The etiology of PMS remains undefined. The following sections provide a brief description of current theories and supporting evidence.

Sex Steroids

Although the sex steroids are not likely the sole cause of PMS, evidence suggests that circulating levels of progesterone and estradiol are somehow involved. However, no consistent differences in progesterone or estradiol levels have been identified between women with PMS and controls. Additionally, progesterone has not been demonstrated to work better than placebo for treatment of mood symptoms of PMS.^[20,21]
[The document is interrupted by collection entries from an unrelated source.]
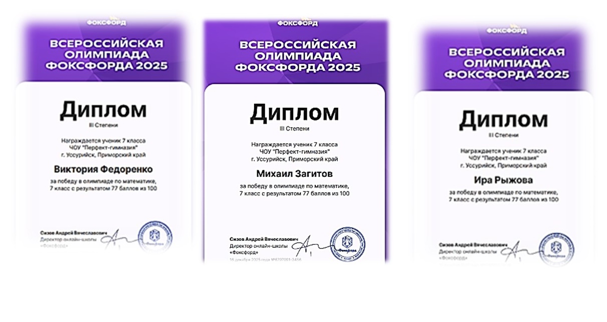 В этот раз учащиеся 7 класса приняли участие во Всероссийской олимпиаде ФОКСФОРД по математике, которая проходила в онлайн режиме для школьников 1-11 классов с 01 октября по 14 декабря 2025 года.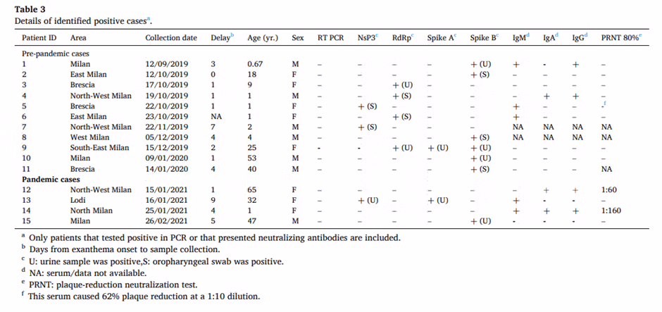Wie dem auch sei, was mir aufgefallen ist, ist, dass alle positiven Ergebnisse aus der Zeit vor der Pandemie in der Tabelle nur für ein Fragment der Virus-RNA positiv sind, bis auf eines. Diese eine Probe (Nummer neun) wurde am 25. Dezember 15 einer 2019-jährigen Frau im Südosten Mailands entnommen. Sie war in drei Fragmenten positiv und war damit der stärkste Beweis in der Studie für das Vorliegen einer echten Infektion.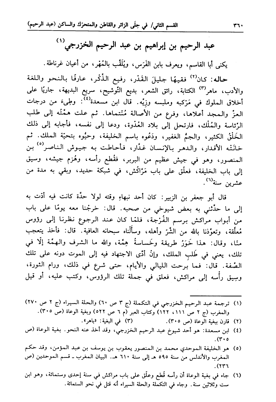قال أبو جعفر بن الزبير: كان أحد نبهاء وقته لولا حدّة كانت فيه أدّت به إلى ما حدّثني به بعض شيوخي من صحبه. قال: خرجنا معه يوما على باب من أبواب مراكش برسم الفرجة، فلمّا كان عند الرجوع نظرنا إلى رؤوس معلّقة، وتعوّذنا بالله من الشّرّ وأهله، وسألناه سبحانه العافية. قال: فأخذ يتعجب منّا، وقال: هذا خور طريقة وخساسة همّة، والله ما الشرف والهمّة إلّا في تلك، يعني في طلب الملك، وإن أدّى الاجتهاد فيه إلى الموت دونه على تلك الصّفة. قال: فما برحت الليالي والأيام، حتى شرع في ذلك، ورام الثورة، وسيق رأسه إلى مراكش، فعلق في جملة تلك الرءوس، وكتب عليه، أو قيل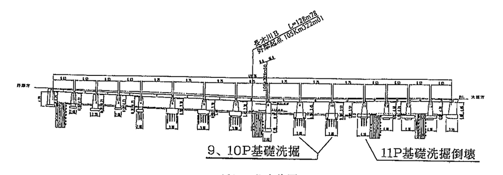 長木川は米代川の支流で、秋田県管理の一級河川です。長木川橋梁は橋長125mで、1914(大正3)年7月に建設され、この災害時で経年は83年となっていました。上部工はプレートガーダー15連(支間長6.63~9.75m)、下部工は橋台2基と、橋脚14基からなっています。図-4に橋梁側面図と被害箇所を示します。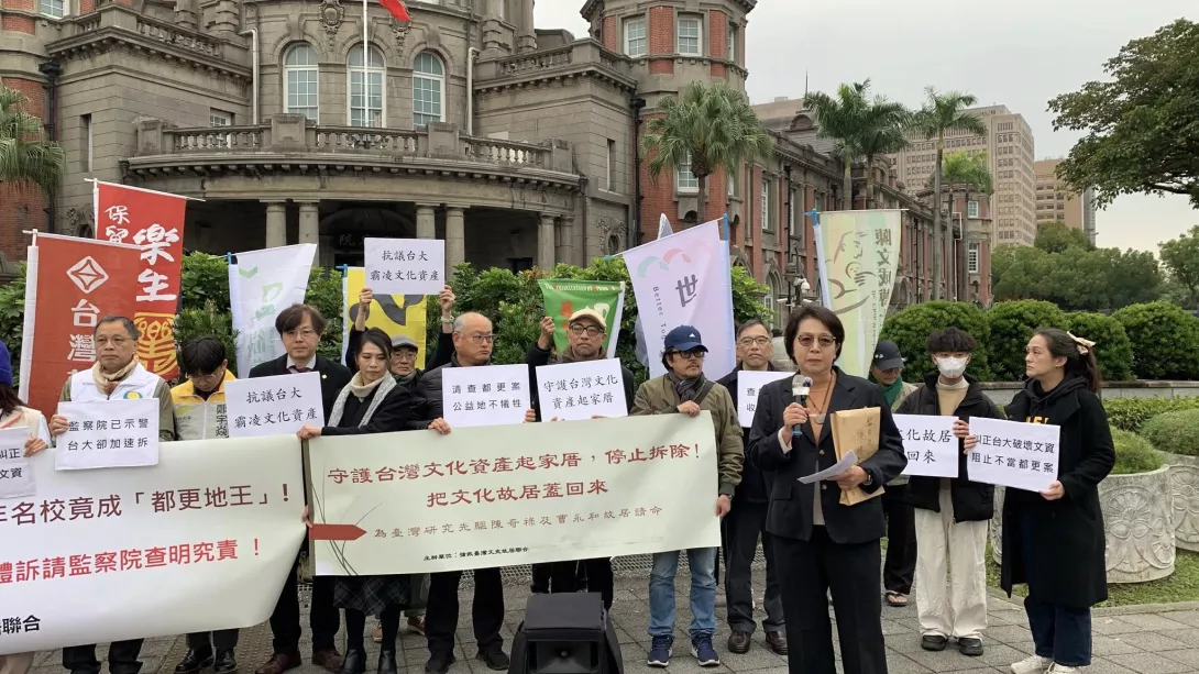 多個文史、學術及公民團體日前赴監察院陳情,抗議國立台灣大學無視文資保護,火速拆除曹永和、陳奇祿等學術巨擘的百年故居。

Based on newer data, the dominant theory is that some women have abnormal sensitivity to the normal changes of reproductive hormones throughout the menstrual cycle.^[22] Circulating levels of progesterone and estradiol remain within normal range; symptoms may be linked to fluctuation in levels.

The strongest evidence for the involvement of sex steroids is the response of PMS symptoms to suppression of ovulation via treatment with gonadotropin-releasing hormone (GnRH) such as leuprolide acetate depot. It has been consistently demonstrated that GnRH treatment relieves symptoms in individuals with "pure" PMS, eg, those without other comorbid conditions.^[23-25]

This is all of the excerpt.